My name is Tyler. I have expertise in building front office investment solutions and using those solutions as a financial analyst. This is a test project.
I'd like an expert to help me think through the beginning of a longer term big data project. This should be fairly enjoyable to you guys. I'm looking for a small time commitment right now and would like you to help me brainstorm.
Here's the basic idea. I want to create a fairly simple ETL architecture that can pull in data from a variety of sources / formats. Right now the two in question will be Yahoo Finance Data and Twitch.tv data have RESTful json APIs that should make things fairy easy. But I want to build with the flexibility in mind and to eventually support unstructured data. Basically I could run a simple script and pull this into a MySQL database, but I want build this as if it were a long term solution for a larger agenda.
The part I need help with is thinking through the technologies I should use as well as what the ETL pipeline architecture should look like. I'm sure many of you have worked on Big Data analytic projects and have learned a lot in the process.
At first, all I'm looking for is an adviser. Someone that can give me some pointers or tips. Someone I could pay a couple of hours for their time. That said, over time, I would see the relationship expanding into something more interesting.
I'd like to use Google Cloud Platform over AWS but I'm pretty naive. I'm much less familiar with GCP and have created a few test projects to get use to the platform. To me AWS feels too heavy for this project. If you're going to build an enterprise solution you'd go with AWS, their new Kinesis Firehose, Hadoop, etc. However, I want to keep it really simple and I'm not as familiar with non-relational database. I'm not oppose to something like that but I'm looking to start pulling in data sooner rather than later.

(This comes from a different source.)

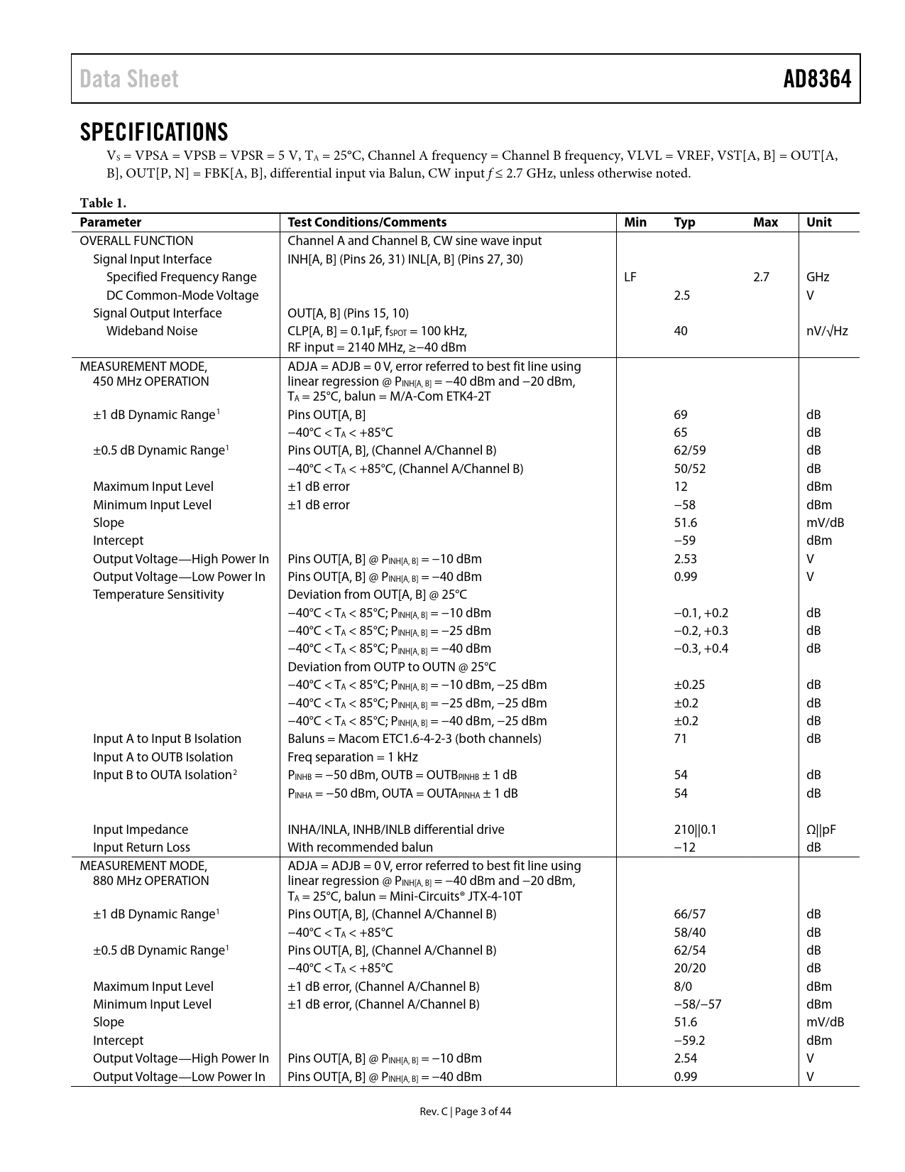 link to page 6 link to page 6 link to page 6 link to page 6 link to page 6 Data SheetAD8364SPECIFICATIONS VS = VPSA = VPSB = VPSR = 5 V, TA = 25°C, Channel A frequency = Channel B frequency, VLVL = VREF, VST[A, B] = OUT[A, B], OUT[P, N] = FBK[A, B], differential input via Balun, CW input f ≤ 2.7 GHz, unless otherwise noted. Table 1. ParameterTest Conditions/CommentsMinTypMaxUnit OVERALL FUNCTION Channel A and Channel B, CW sine wave input Signal Input Interface INH[A, B] (Pins 26, 31) INL[A, B] (Pins 27, 30) Specified Frequency Range LF 2.7 GHz DC Common-Mode Voltage 2.5 V Signal Output Interface OUT[A, B] (Pins 15, 10) Wideband Noise CLP[A, B] = 0.1µF, fSPOT = 100 kHz, 40 nV/√Hz RF input = 2140 MHz, ≥−40 dBm MEASUREMENT MODE, ADJA = ADJB = 0 V, error referred to best fit line using 450 MHz OPERATION linear regression @ PINH[A, B] = −40 dBm and −20 dBm, TA = 25°C, balun = M/A-Com ETK4-2T ±1 dB Dynamic Range1 Pins OUT[A, B] 69 dB −40°C < TA < +85°C 65 dB ±0.5 dB Dynamic Range1 Pins OUT[A, B], (Channel A/Channel B) 62/59 dB −40°C < TA < +85°C, (Channel A/Channel B) 50/52 dB Maximum Input Level ±1 dB error 12 dBm Minimum Input Level ±1 dB error −58 dBm Slope 51.6 mV/dB Intercept −59 dBm Output Voltage—High Power In Pins OUT[A, B] @ PINH[A, B] = −10 dBm 2.53 V Output Voltage—Low Power In Pins OUT[A, B] @ PINH[A, B] = −40 dBm 0.99 V Temperature Sensitivity Deviation from OUT[A, B] @ 25°C −40°C < TA < 85°C; PINH[A, B] = −10 dBm −0.1, +0.2 dB −40°C < TA < 85°C; PINH[A, B] = −25 dBm −0.2, +0.3 dB −40°C < TA < 85°C; PINH[A, B] = −40 dBm −0.3, +0.4 dB Deviation from OUTP to OUTN @ 25°C −40°C < TA < 85°C; PINH[A, B] = −10 dBm, −25 dBm ±0.25 dB −40°C < TA < 85°C; PINH[A, B] = −25 dBm, −25 dBm ±0.2 dB −40°C < TA < 85°C; PINH[A, B] = −40 dBm, −25 dBm ±0.2 dB Input A to Input B Isolation Baluns = Macom ETC1.6-4-2-3 (both channels) 71 dB Input A to OUTB Isolation Freq separation = 1 kHz Input B to OUTA Isolation2 PINHB = −50 dBm, OUTB = OUTBPINHB ± 1 dB 54 dB PINHA = −50 dBm, OUTA = OUTAPINHA ± 1 dB 54 dB Input Impedance INHA/INLA, INHB/INLB differential drive 210||0.1 Ω||pF Input Return Loss With recommended balun −12 dB MEASUREMENT MODE, ADJA = ADJB = 0 V, error referred to best fit line using 880 MHz OPERATION linear regression @ PINH[A, B] = −40 dBm and −20 dBm, TA = 25°C, balun = Mini-Circuits® JTX-4-10T ±1 dB Dynamic Range1 Pins OUT[A, B], (Channel A/Channel B) 66/57 dB −40°C < TA < +85°C 58/40 dB ±0.5 dB Dynamic Range1 Pins OUT[A, B], (Channel A/Channel B) 62/54 dB −40°C < TA < +85°C 20/20 dB Maximum Input Level ±1 dB error, (Channel A/Channel B) 8/0 dBm Minimum Input Level ±1 dB error, (Channel A/Channel B) −58/−57 dBm Slope 51.6 mV/dB Intercept −59.2 dBm Output Voltage—High Power In Pins OUT[A, B] @ PINH[A, B] = −10 dBm 2.54 V Output Voltage—Low Power In Pins OUT[A, B] @ PINH[A, B] = −40 dBm 0.99 V Rev. C | Page 3 of 44 Document Outline FEATURES APPLICATIONS FUNCTIONAL BLOCK DIAGRAM GENERAL DESCRIPTION REVISION HISTORY SPECIFICATIONS ABSOLUTE MAXIMUM RATINGS ESD CAUTION PIN CONFIGURATION AND FUNCTION DESCRIPTIONS TYPICAL PERFORMANCE CHARACTERISTICS THEORY OF OPERATION SQUARE LAW DETECTOR AND AMPLITUDE TARGET RF INPUT INTERFACE OFFSET COMPENSATION TEMPERATURE SENSOR INTERFACE VREF INTERFACE POWER-DOWN INTERFACE VST[A, B] INTERFACE OUT[A, B, P, N] OUTPUTS MEASUREMENT CHANNEL DIFFERENCE OUTPUT USING OUT[P, N] CONTROLLER MODE RF MEASUREMENT MODE BASIC CONNECTIONS CONTROLLER MODE BASIC CONNECTIONS Automatic Power Control Automatic Gain Control CONSTANT OUTPUT POWER OPERATION GAIN-STABLE TRANSMITTER/RECEIVER TEMPERATURE COMPENSATION ADJUSTMENT DEVICE CALIBRATION AND ERROR CALCULATION SELECTING CALIBRATION POINTS TO IMPROVE ACCURACY OVER A REDUCED RANGE CHANNEL ISOLATION ALTERING THE SLOPE CHOOSING THE RIGHT VALUE FOR CHP[A, B] AND CLP[A, B] RF BURST RESPONSE TIME SINGLE-ENDED INPUT OPERATION PRINTED CIRCUIT BOARD CONSIDERATIONS PACKAGE CONSIDERATIONS DESCRIPTION OF CHARACTERIZATION BASIS FOR ERROR CALCULATIONS EVALUATION BOARD OUTLINE DIMENSIONS ORDERING GUIDE

I'd like to use Python or Java as the ingestion language. I'm familiar with both and am learning towards Python.
So a couple questions I'd like to answer in your time with me.
1. GCP or AWS bearing in mind simplicity in the architecture is key.
2. Technologies, scripts, workflows that I need to go from data ingestion to pushing it into data storage, to cleaning, to analyzing and potentially computing proprietary numbers.
3. If there is a potential to package sell finalized analytic data, I need reliability, security, backups.
4. Data architecture / etc
5. Tips / learning tools that helped you and could help me get up and running quick.
One important requirement is fluent English.
So if any of you are interested in being an adviser / teacher let me know.